Exercise description —
What is needed is a verbatim copy of every record below, with the pictures left out.

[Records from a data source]

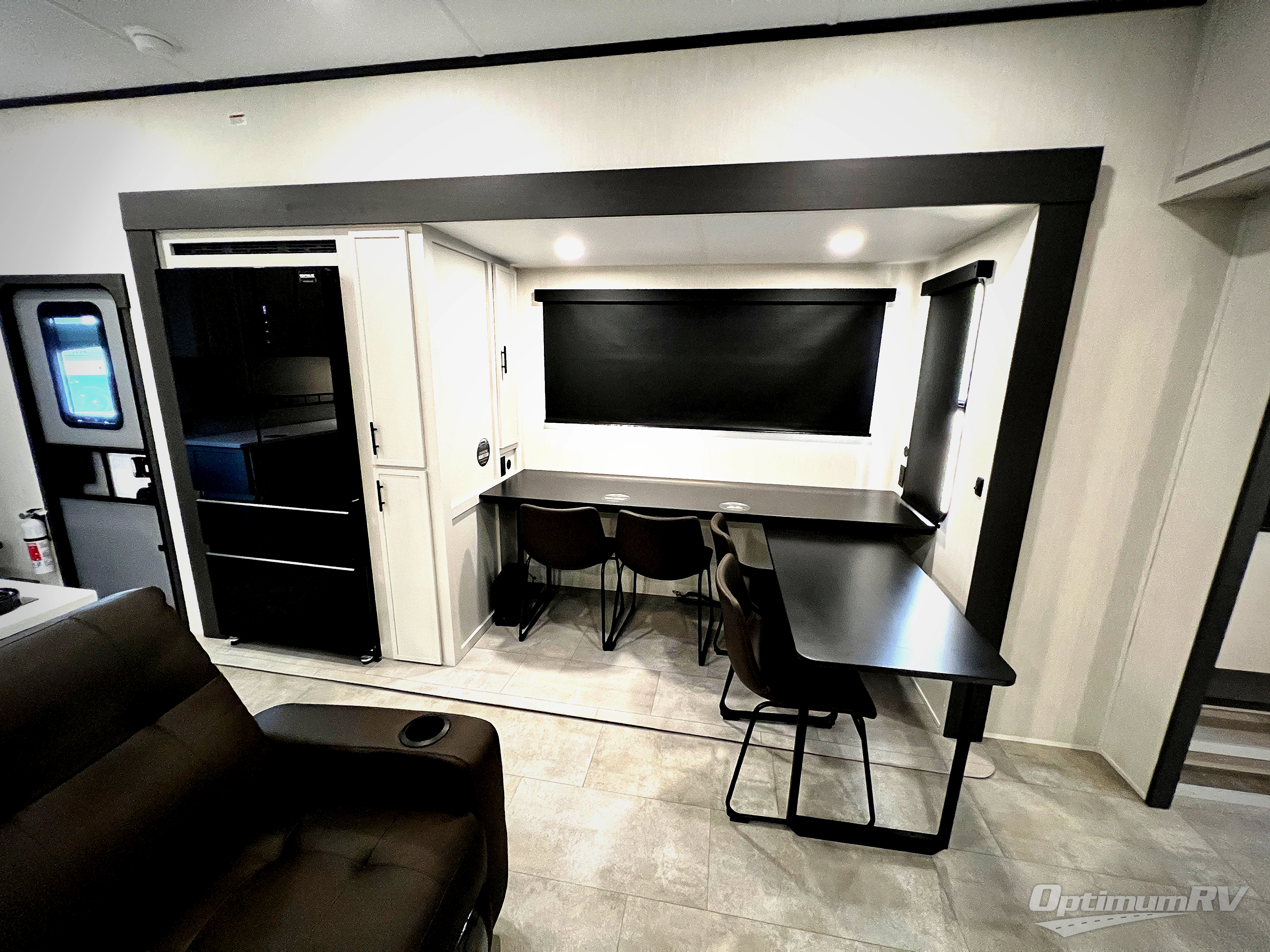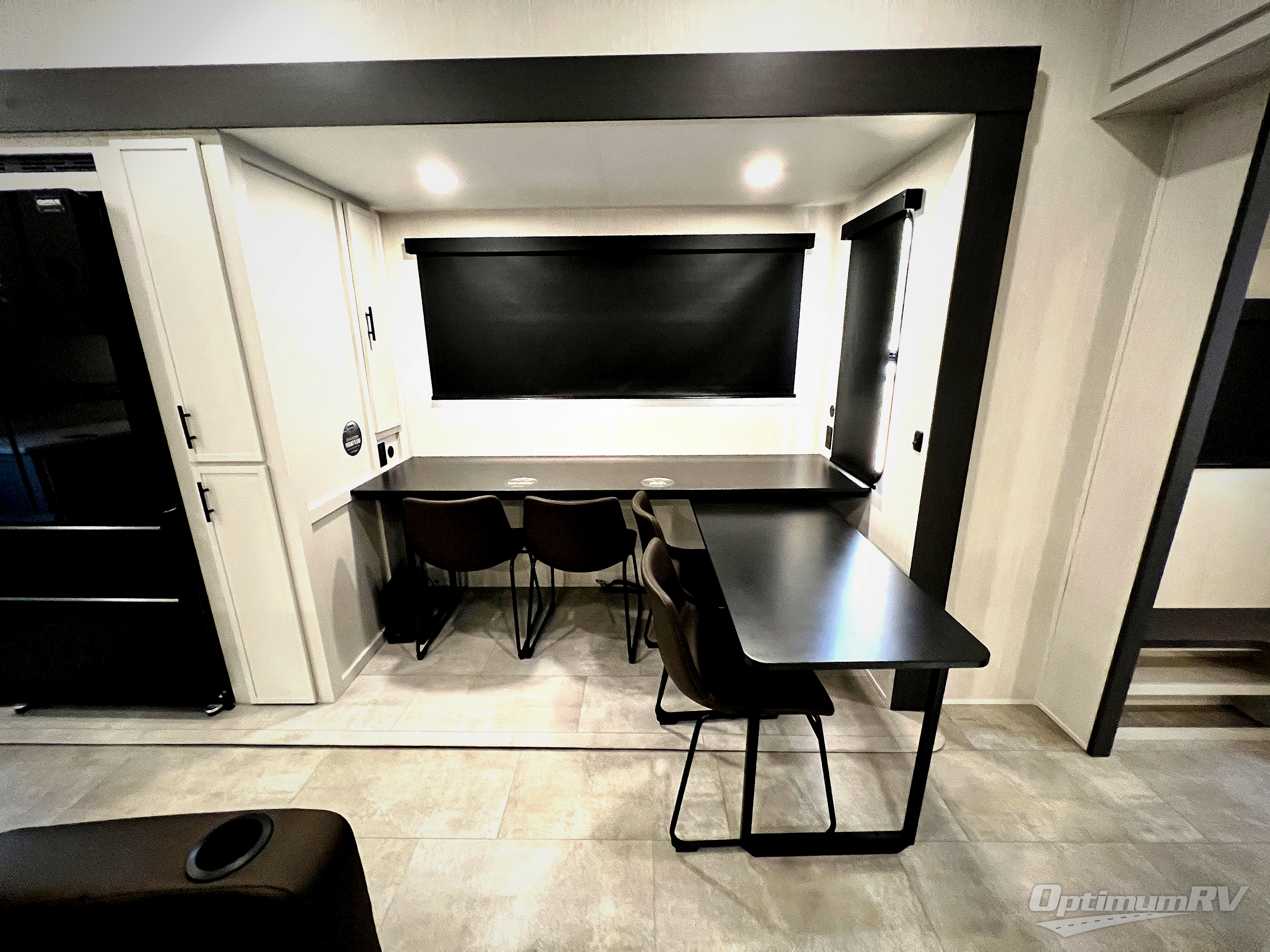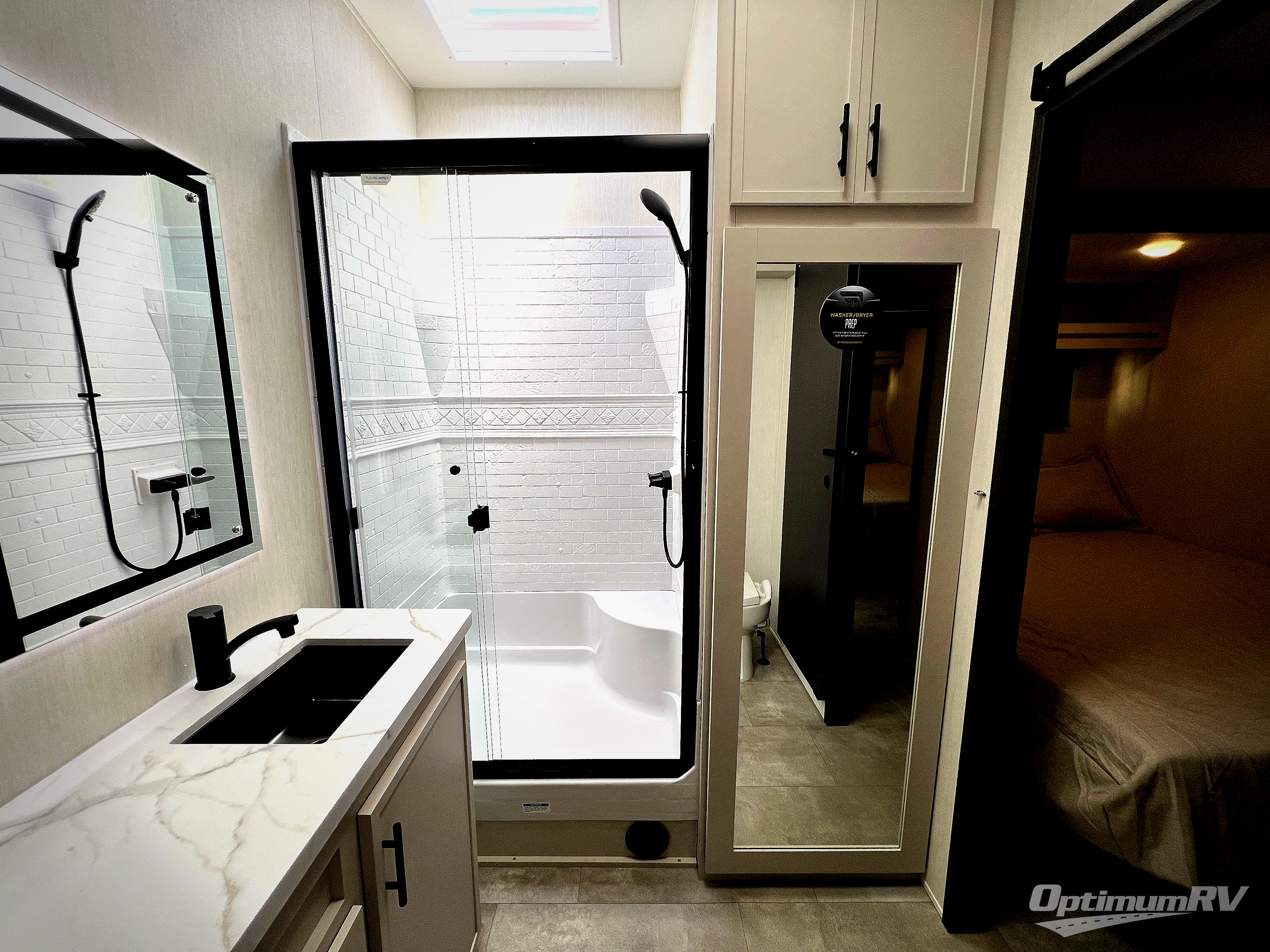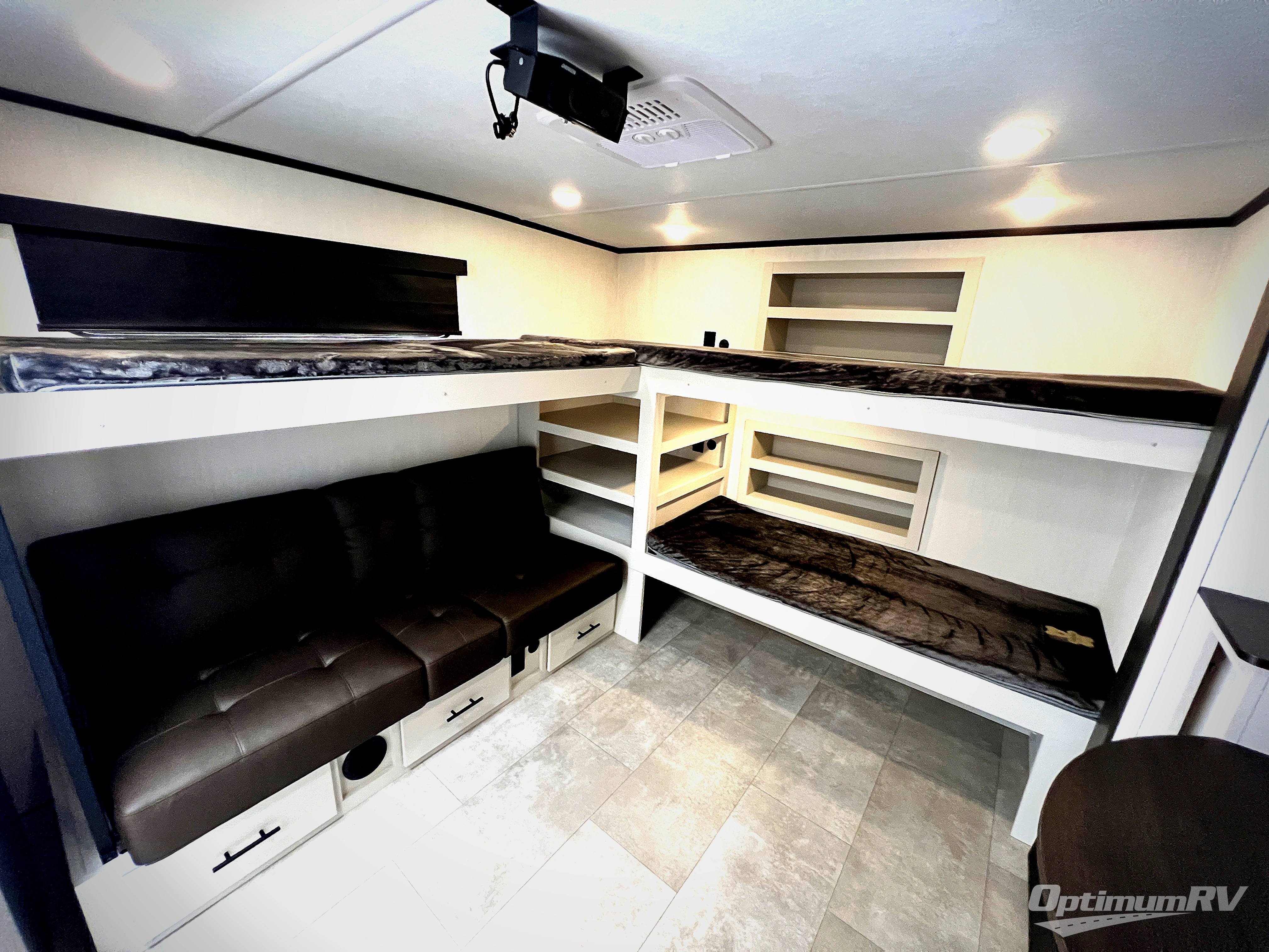 If you enjoy long trips with family and friends, this fifth wheel is sure to meet all of your needs! There is a private bedroom with a king bed slide-out for more space and comfort, plus a front wardrobe. And you will be amazed by the lovely full bathroom behind the barn door next to the bedroom with a double vanity for you and your partner! The living room is made spacious thanks to the dual opposing slides, and you'll find a sectional sleeper sofa here, as well as desk/dinette for meals and even work. And don't overlook the kitchen area with ample counter space, a four burner range, an accessory sink and a French door 12V refrigerator! If you thought it can´t get better, wait until you see the front room that will be the best place to relax and hang out, featuring a sleeper sofa, bunks above, and an entertainment center with a projector for a movie marathon.
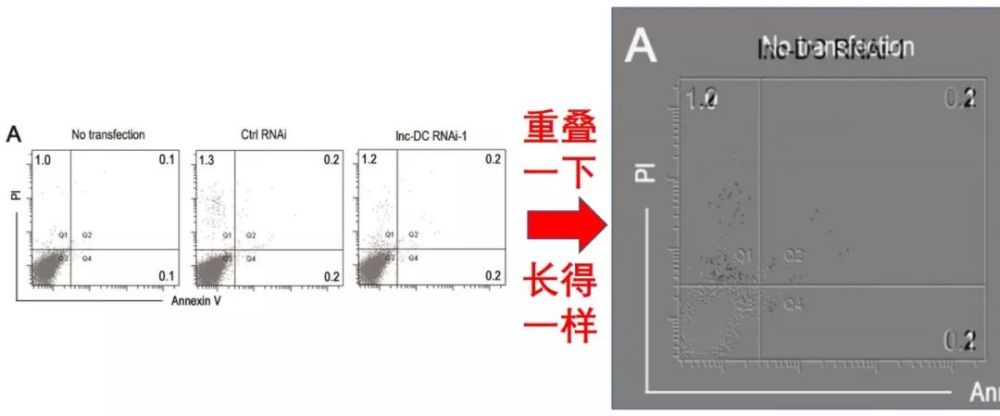 比如这篇《The STAT3-binding long noncoding RNA lnc-DC controls human dendritic cell differentiation》,2014年的Science。在Supplementary里的俩图对比后发现,竟然有部分点是完全重合了!
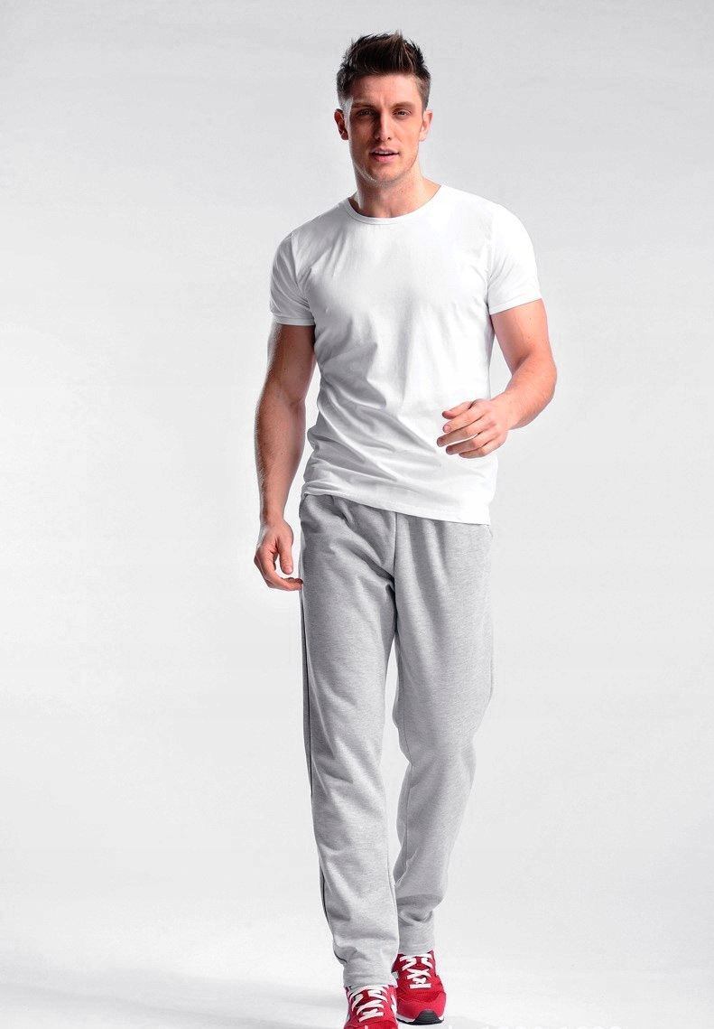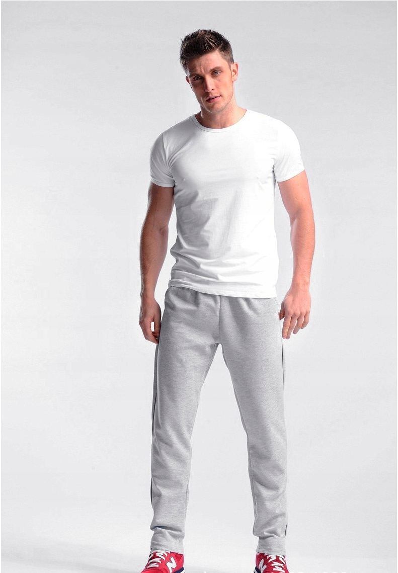 Spodnie męskie dresowe wzór 0668 to komfortowo skrojony model w sportowym stylu z klasycznymi prostymi nogawkami ozdobionymi wąskim lampasem. Z założenia wyróżniają się dużą wygodą a dopasowanie w pasie zapewnia wszyta w spodnie szeroka guma oraz dodatkowo wpuszczona w pasek taśma regulacyjna z możliwością jej zawiązywania. Na bokach dwie wpuszczane kieszenie na dłonie. Ergonomiczny krój spodni nie ogranicza swobody ruchów a właściwe dla odzieży sportowej proporcje surowcowe i niewielka gramatura wpływają pozytywnie na komfort użytkowania.
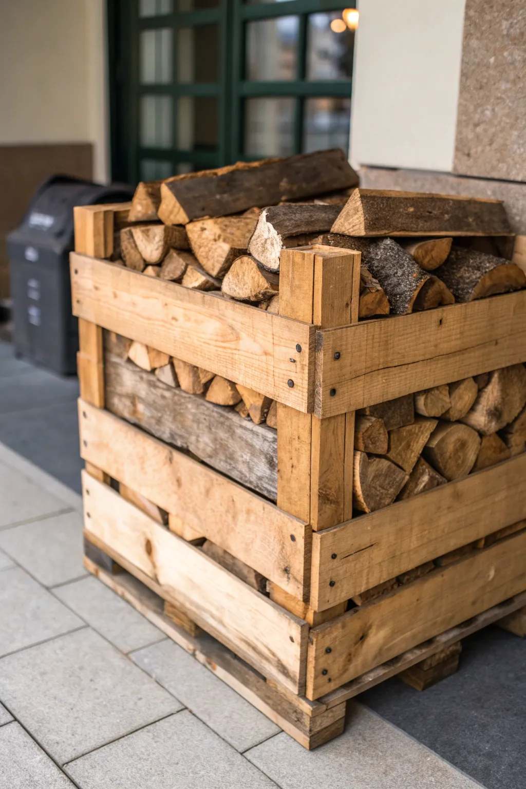 Place firewood in ornamental boxes that act as both storage and decor. I appreciate how they add countryside charm to my indoor and outdoor areas.
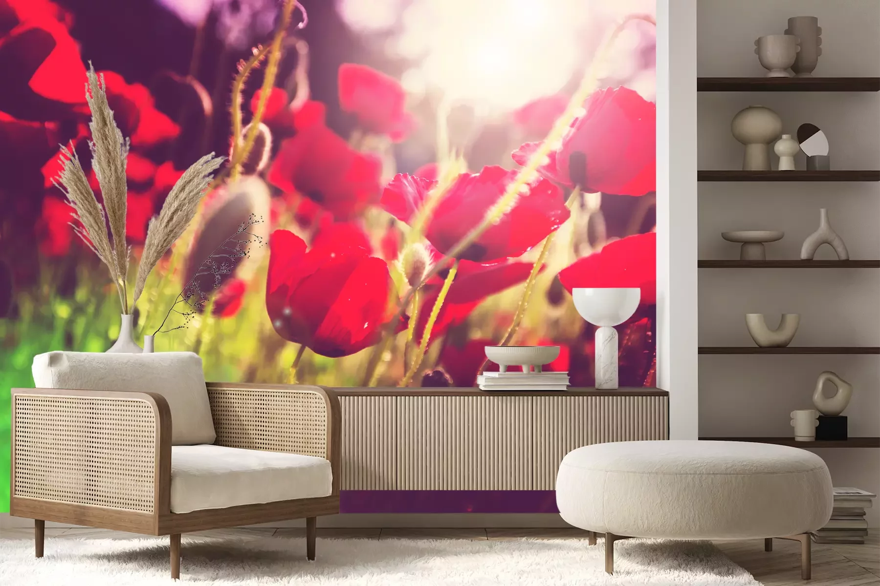 Fototapete Mohne auf der Wiese
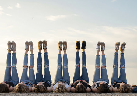 A group of teenage girls are lying on a grassy field, with their legs in the air. Generative Ai
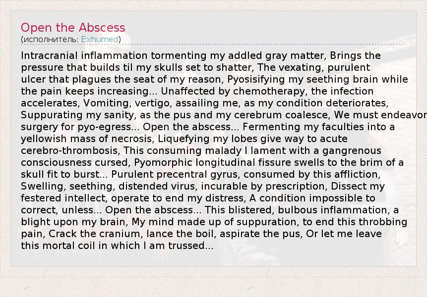 А как ты думаешь, о чем песня "Open the Abscess" ?
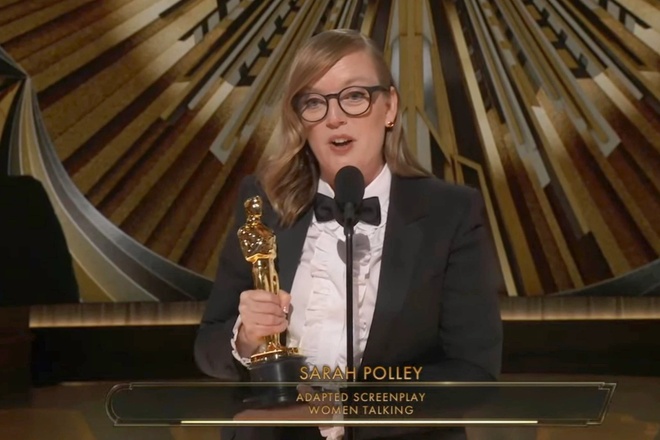 Ở hạng mục Kịch bản chuyển thể, nữ đạo diễn chiến thắng Sarah Polley với Women Talking.
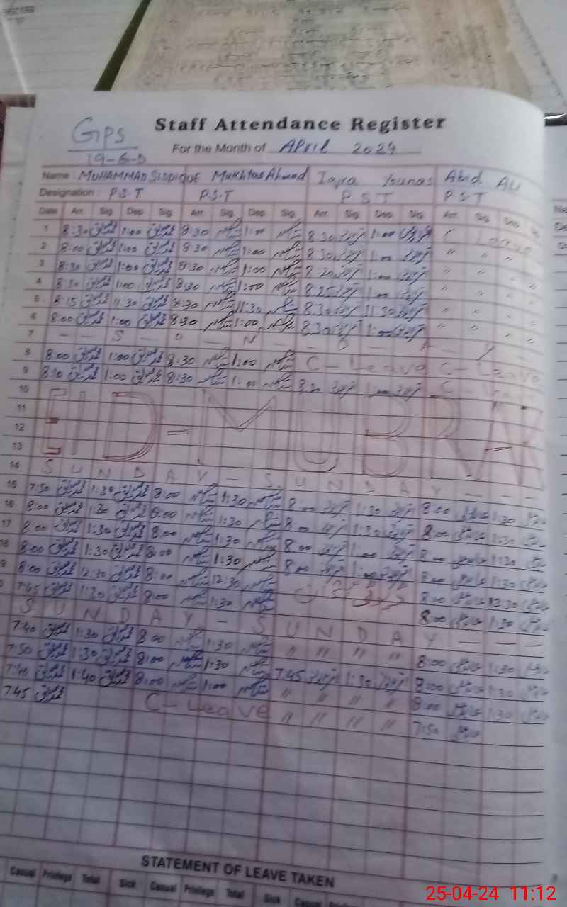 | 35**** | Iq**** Yo**** | PST | Regular | 0 | 0 | 0 | 0 | 0 | 0 | 0 | 0 | 0 | Exam Duty |
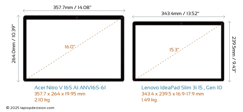HDMIどちらの Nitro V 16S AI ANV16S-61 と IdeaPad Slim 3i 15 , Gen 10 も HDMI ポートを備えています。 Nitro V 16S AI ANV16S-61 は 1x HDMI 2.1 を提供し、 IdeaPad Slim 3i 15 , Gen 10 は 1x HDMI 1.4 を提供します。

Task answer —
 If you enjoy long trips with family and friends, this fifth wheel is sure to meet all of your needs! There is a private bedroom with a king bed slide-out for more space and comfort, plus a front wardrobe. And you will be amazed by the lovely full bathroom behind the barn door next to the bedroom with a double vanity for you and your partner! The living room is made spacious thanks to the dual opposing slides, and you'll find a sectional sleeper sofa here, as well as desk/dinette for meals and even work. And don't overlook the kitchen area with ample counter space, a four burner range, an accessory sink and a French door 12V refrigerator! If you thought it can´t get better, wait until you see the front room that will be the best place to relax and hang out, featuring a sleeper sofa, bunks above, and an entertainment center with a projector for a movie marathon.
 比如这篇《The STAT3-binding long noncoding RNA lnc-DC controls human dendritic cell differentiation》,2014年的Science。在Supplementary里的俩图对比后发现,竟然有部分点是完全重合了!
 Spodnie męskie dresowe wzór 0668 to komfortowo skrojony model w sportowym stylu z klasycznymi prostymi nogawkami ozdobionymi wąskim lampasem. Z założenia wyróżniają się dużą wygodą a dopasowanie w pasie zapewnia wszyta w spodnie szeroka guma oraz dodatkowo wpuszczona w pasek taśma regulacyjna z możliwością jej zawiązywania. Na bokach dwie wpuszczane kieszenie na dłonie. Ergonomiczny krój spodni nie ogranicza swobody ruchów a właściwe dla odzieży sportowej proporcje surowcowe i niewielka gramatura wpływają pozytywnie na komfort użytkowania.
 Place firewood in ornamental boxes that act as both storage and decor. I appreciate how they add countryside charm to my indoor and outdoor areas.
 Fototapete Mohne auf der Wiese
 A group of teenage girls are lying on a grassy field, with their legs in the air. Generative Ai
 А как ты думаешь, о чем песня "Open the Abscess" ?
 Ở hạng mục Kịch bản chuyển thể, nữ đạo diễn chiến thắng Sarah Polley với Women Talking.
 | 35**** | Iq**** Yo**** | PST | Regular | 0 | 0 | 0 | 0 | 0 | 0 | 0 | 0 | 0 | Exam Duty |
HDMIどちらの Nitro V 16S AI ANV16S-61 と IdeaPad Slim 3i 15 , Gen 10 も HDMI ポートを備えています。 Nitro V 16S AI ANV16S-61 は 1x HDMI 2.1 を提供し、 IdeaPad Slim 3i 15 , Gen 10 は 1x HDMI 1.4 を提供します。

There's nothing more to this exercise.